(Excerpts from a dataset)

· · · ·

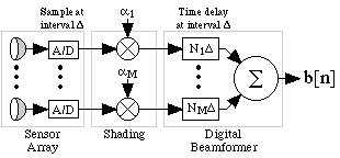These quantization errors in the time delay perterb the array pattern. In general, the sensors must be sampled at a rate much greater than the Nyquist rate to approximate the time delays required for beam steering. To handle the high bandwidth and large number of elements needed for high resolution sonar, the necessary sampling rate is quite large. These high sampling rates impose requirements on the A/D converters and on the bandwidth of the cables which connect the A/D converters to the beamformer. Large amounts of memory are also required to handle the long delays associated with large arrays and high sample rates. Because of the high implementation cost, digital interpolation beamformers are generally used instead.
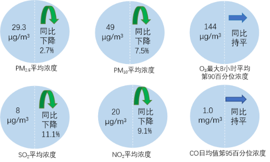 1—12月,全國339個地級及以上城市PM2.5平均濃度為29.3微克/立方米,同比下降2.7%;PM10平均濃度為49微克/立方米,同比下降7.5%;O3平均濃度為144微克/立方米,同比持平;SO2平均濃度為8微克/立方米,同比下降11.1%;NO2平均濃度為20微克/立方米,同比下降9.1%;CO平均濃度為1.0毫克/立方米,同比持平。
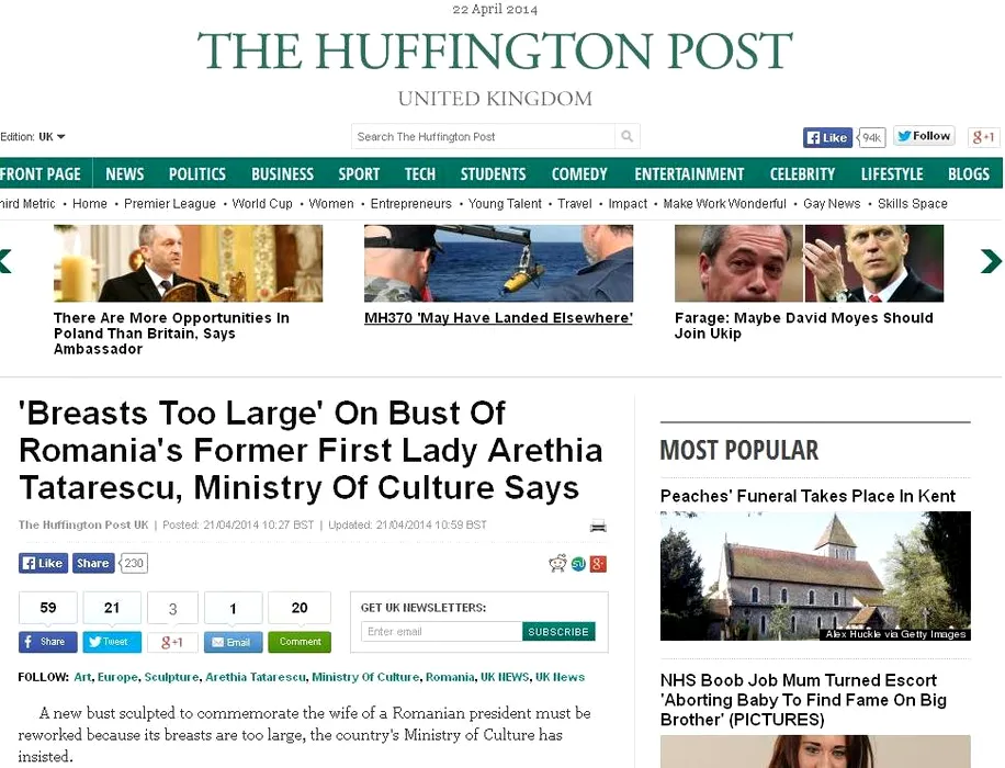 Povestea bustului prea generos al Arethiei Tătărăscu a ajuns în presa britanică: „Ministerul Culturii vrea să-i reducă sânii fostei prime doamne”
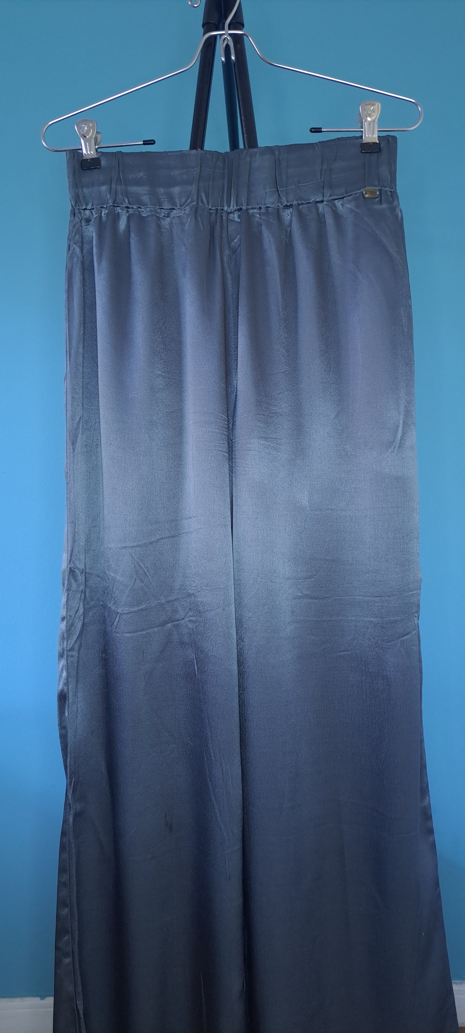 Pantalón modelo palazzo de un lindo color verde musgo, de seda marca UMBRALE, en la foto no se distingue color muy bien, pero si te gustan los colores tierra...no lo dudes!
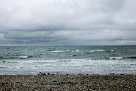 Baltic sea under dramatic sunset clouds after the storm. Waves, splashing water. Epic seascape. 40-50 knots wind force. Cyclone, gale, storm, rough weather, meteorology, ecology, climate change
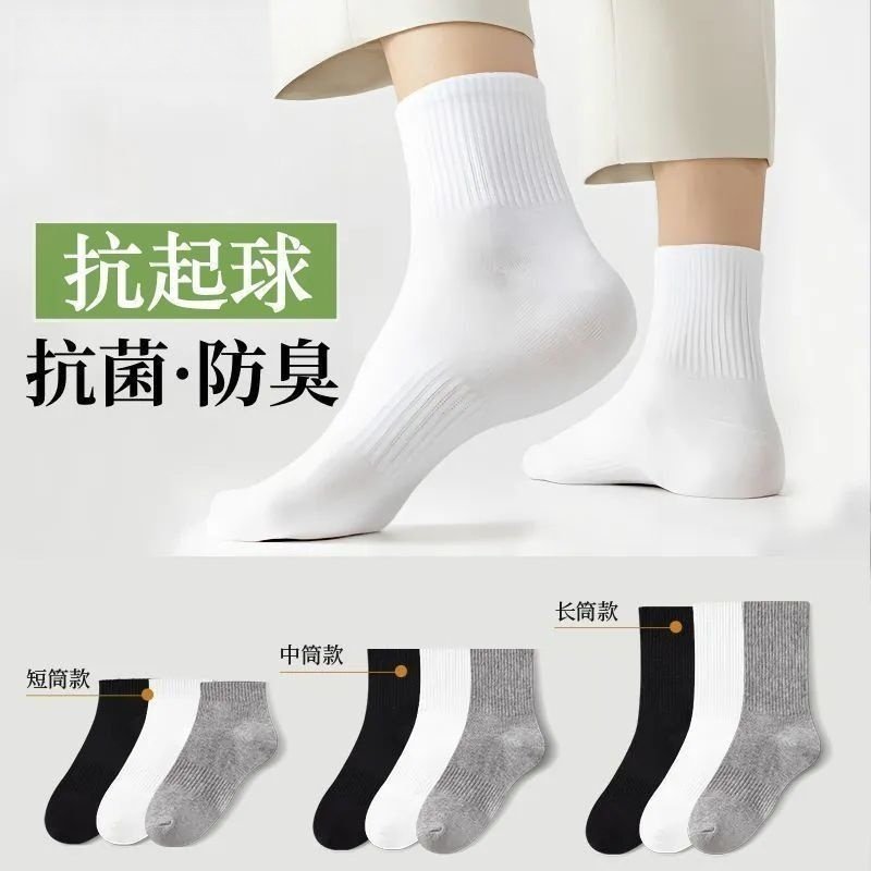 【新疆棉】7A抗菌袜子男士四季款中短筒纯色运动抗菌透气防臭袜子
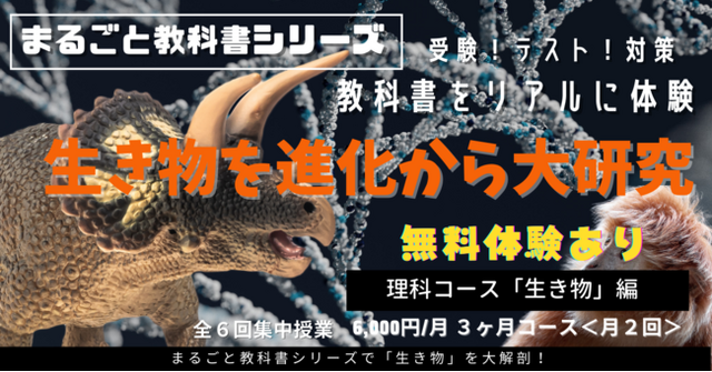まるごと教科書シリーズの当授業では、進化の過程から学ぶことで、より深く生物学に興味を持つことができるようになります。たくさんの面白い進化を遂げた生物もたくさん登場し、生物の成り立ちを知ることで、魚類、両生類、は虫類、鳥類、哺乳類生物について詳しく学んでいきます。
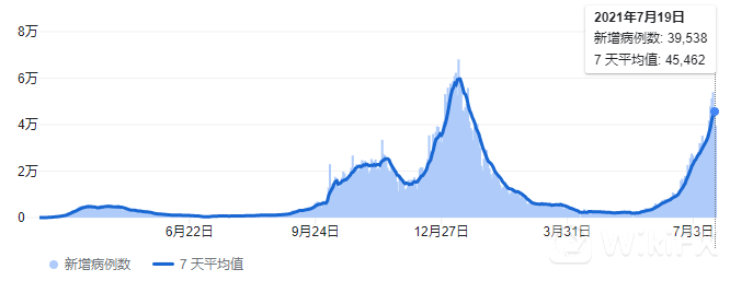 欧洲杯过后,聚集社交的后遗症也显现出来,疫情确诊病例一飞冲天。截至7月19日,英国单日确诊病例早已超过3万例,逼近年初的疫情高峰,最近的单日新增感染排名也高居世界第一。
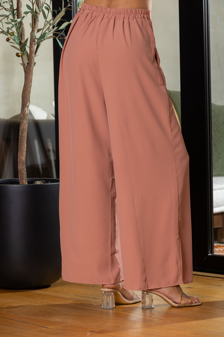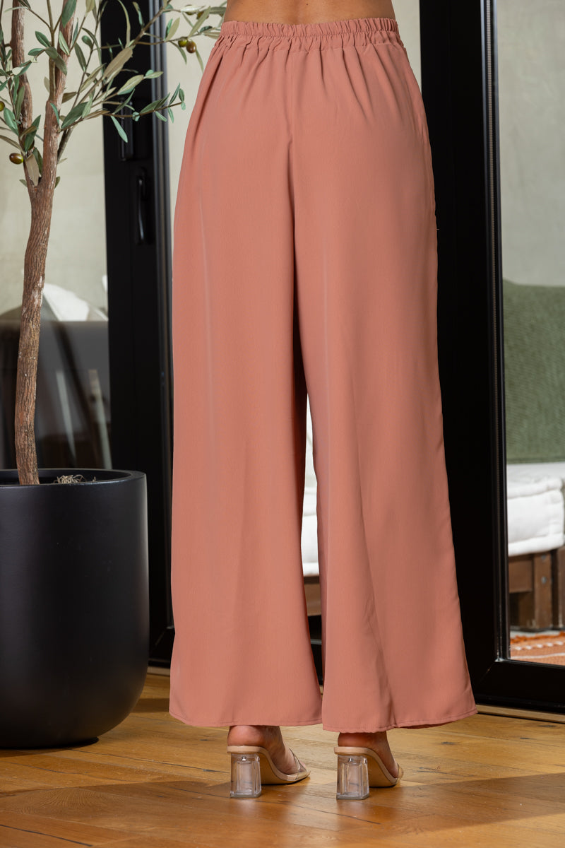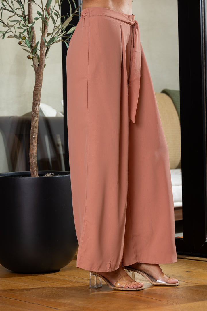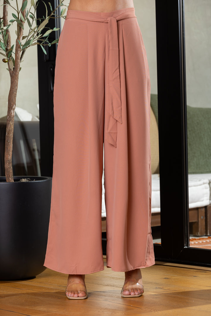 Introducing our MAUVE HIGH-WAISTED TIE KNOT WIDE LEG PANTS! Elevate your style with these fashionable pants that feature a high waist for a flattering fit and a tie knot for added detail. The wide legs offer a comfortable and chic look, perfect for any occasion. Upgrade your wardrobe today and feel confident and stylish!

· · · ·

▸ Exercise goal:
Please repeat the lines above from the line containing "Povestea bustului prea" through the final line, both included, exactly as they stand and without pictures.

▸ Answer section:
 Povestea bustului prea generos al Arethiei Tătărăscu a ajuns în presa britanică: „Ministerul Culturii vrea să-i reducă sânii fostei prime doamne”
 Pantalón modelo palazzo de un lindo color verde musgo, de seda marca UMBRALE, en la foto no se distingue color muy bien, pero si te gustan los colores tierra...no lo dudes!
 Baltic sea under dramatic sunset clouds after the storm. Waves, splashing water. Epic seascape. 40-50 knots wind force. Cyclone, gale, storm, rough weather, meteorology, ecology, climate change
 【新疆棉】7A抗菌袜子男士四季款中短筒纯色运动抗菌透气防臭袜子
まるごと教科書シリーズの当授業では、進化の過程から学ぶことで、より深く生物学に興味を持つことができるようになります。たくさんの面白い進化を遂げた生物もたくさん登場し、生物の成り立ちを知ることで、魚類、両生類、は虫類、鳥類、哺乳類生物について詳しく学んでいきます。
 欧洲杯过后,聚集社交的后遗症也显现出来,疫情确诊病例一飞冲天。截至7月19日,英国单日确诊病例早已超过3万例,逼近年初的疫情高峰,最近的单日新增感染排名也高居世界第一。
 Introducing our MAUVE HIGH-WAISTED TIE KNOT WIDE LEG PANTS! Elevate your style with these fashionable pants that feature a high waist for a flattering fit and a tie knot for added detail. The wide legs offer a comfortable and chic look, perfect for any occasion. Upgrade your wardrobe today and feel confident and stylish!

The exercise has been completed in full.